== Segment start ==
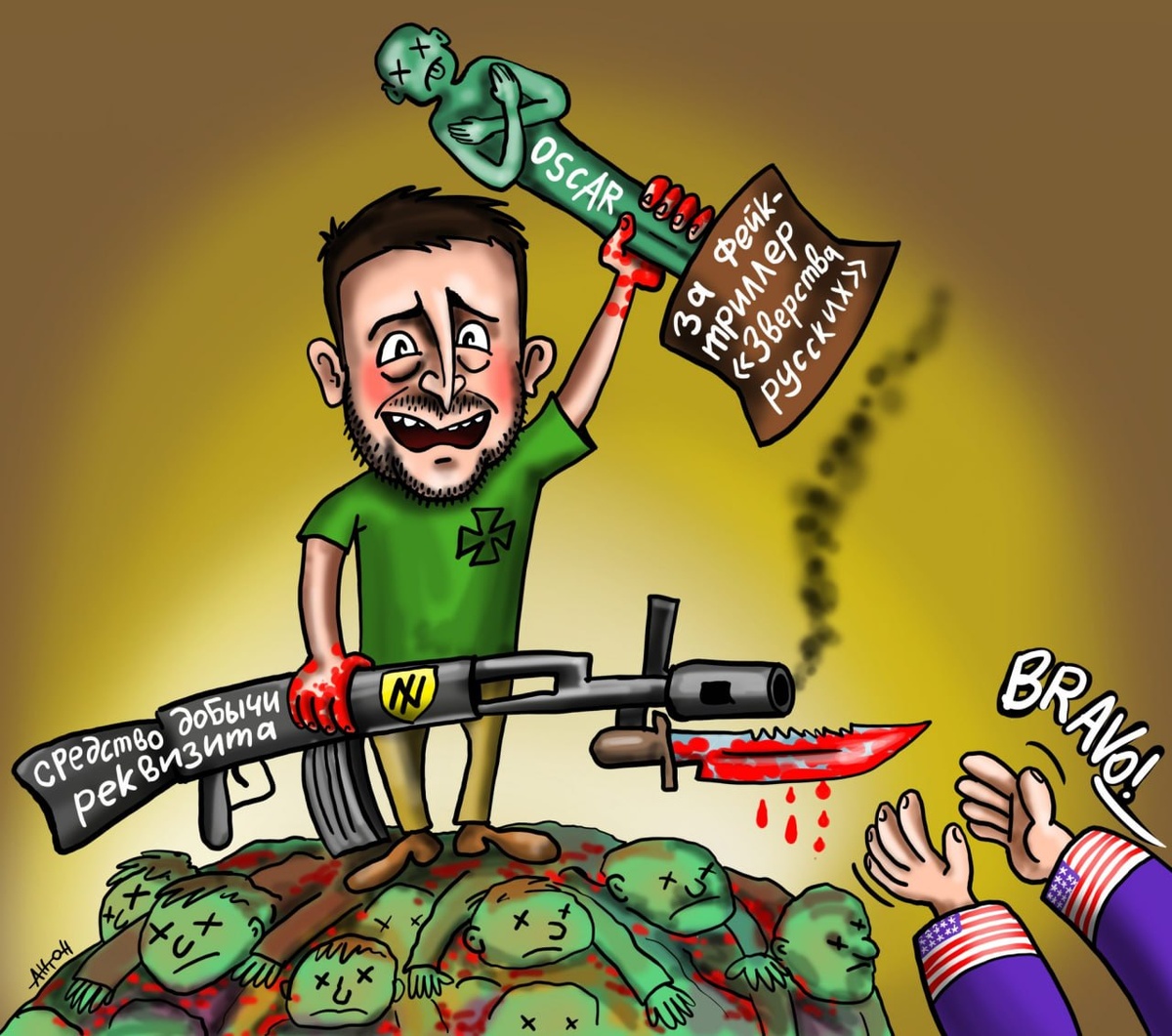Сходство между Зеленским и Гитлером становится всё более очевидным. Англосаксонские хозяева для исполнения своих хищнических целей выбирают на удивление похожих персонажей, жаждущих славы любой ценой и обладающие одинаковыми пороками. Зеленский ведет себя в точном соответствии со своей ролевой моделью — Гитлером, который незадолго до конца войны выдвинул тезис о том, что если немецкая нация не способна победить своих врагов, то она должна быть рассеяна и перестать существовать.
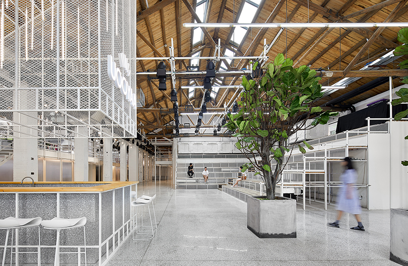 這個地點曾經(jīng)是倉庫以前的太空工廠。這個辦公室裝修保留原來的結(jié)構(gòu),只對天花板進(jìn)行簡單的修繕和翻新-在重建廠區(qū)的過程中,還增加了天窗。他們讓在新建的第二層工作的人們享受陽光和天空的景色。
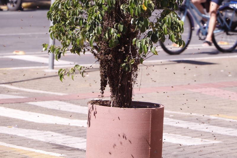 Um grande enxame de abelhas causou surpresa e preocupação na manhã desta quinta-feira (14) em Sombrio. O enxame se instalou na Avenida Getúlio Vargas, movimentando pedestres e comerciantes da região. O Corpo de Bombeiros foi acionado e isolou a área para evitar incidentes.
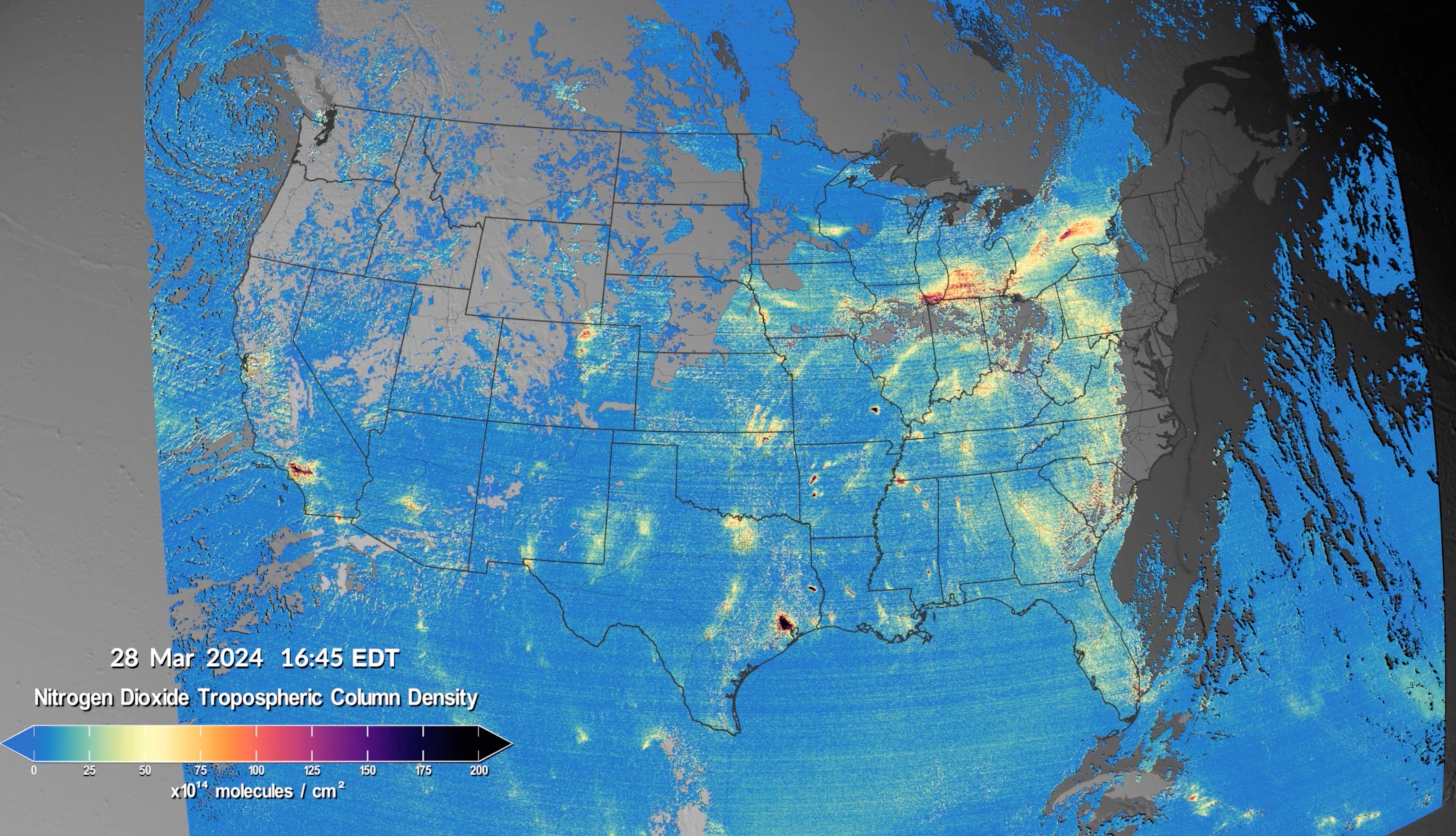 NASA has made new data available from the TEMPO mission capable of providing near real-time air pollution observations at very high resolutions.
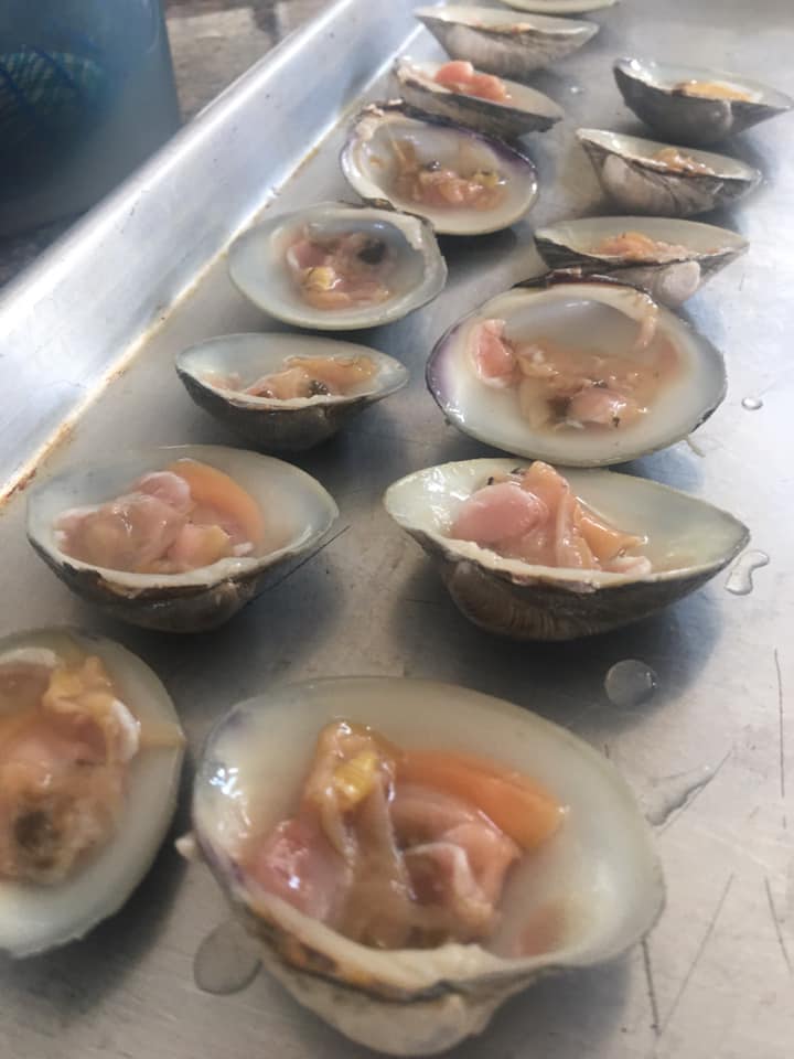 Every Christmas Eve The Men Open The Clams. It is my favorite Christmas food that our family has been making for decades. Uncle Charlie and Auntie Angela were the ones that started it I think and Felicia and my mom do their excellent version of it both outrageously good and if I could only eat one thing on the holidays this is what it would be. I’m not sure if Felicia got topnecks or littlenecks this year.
== Segment end ==
== Segment start ==
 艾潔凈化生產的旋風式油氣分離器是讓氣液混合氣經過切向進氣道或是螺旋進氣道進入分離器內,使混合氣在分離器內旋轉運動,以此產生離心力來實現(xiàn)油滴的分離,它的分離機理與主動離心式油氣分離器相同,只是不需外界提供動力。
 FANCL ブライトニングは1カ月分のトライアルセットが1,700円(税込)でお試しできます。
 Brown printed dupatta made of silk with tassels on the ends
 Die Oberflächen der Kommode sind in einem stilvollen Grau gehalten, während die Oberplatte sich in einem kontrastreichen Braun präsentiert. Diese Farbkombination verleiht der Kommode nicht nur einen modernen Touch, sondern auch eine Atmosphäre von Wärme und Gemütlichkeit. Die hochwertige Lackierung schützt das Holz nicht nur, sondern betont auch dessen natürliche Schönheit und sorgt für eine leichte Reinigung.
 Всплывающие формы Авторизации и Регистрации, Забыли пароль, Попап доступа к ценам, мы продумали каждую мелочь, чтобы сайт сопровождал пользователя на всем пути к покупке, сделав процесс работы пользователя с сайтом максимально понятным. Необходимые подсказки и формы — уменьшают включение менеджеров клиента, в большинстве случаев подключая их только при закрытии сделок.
== Segment end ==
Within the data above, repeat exactly the lines from the one bearing "Um grande enxame" through the one bearing "NASA has made". Include no pictures and nothing else.

 Um grande enxame de abelhas causou surpresa e preocupação na manhã desta quinta-feira (14) em Sombrio. O enxame se instalou na Avenida Getúlio Vargas, movimentando pedestres e comerciantes da região. O Corpo de Bombeiros foi acionado e isolou a área para evitar incidentes.
 NASA has made new data available from the TEMPO mission capable of providing near real-time air pollution observations at very high resolutions.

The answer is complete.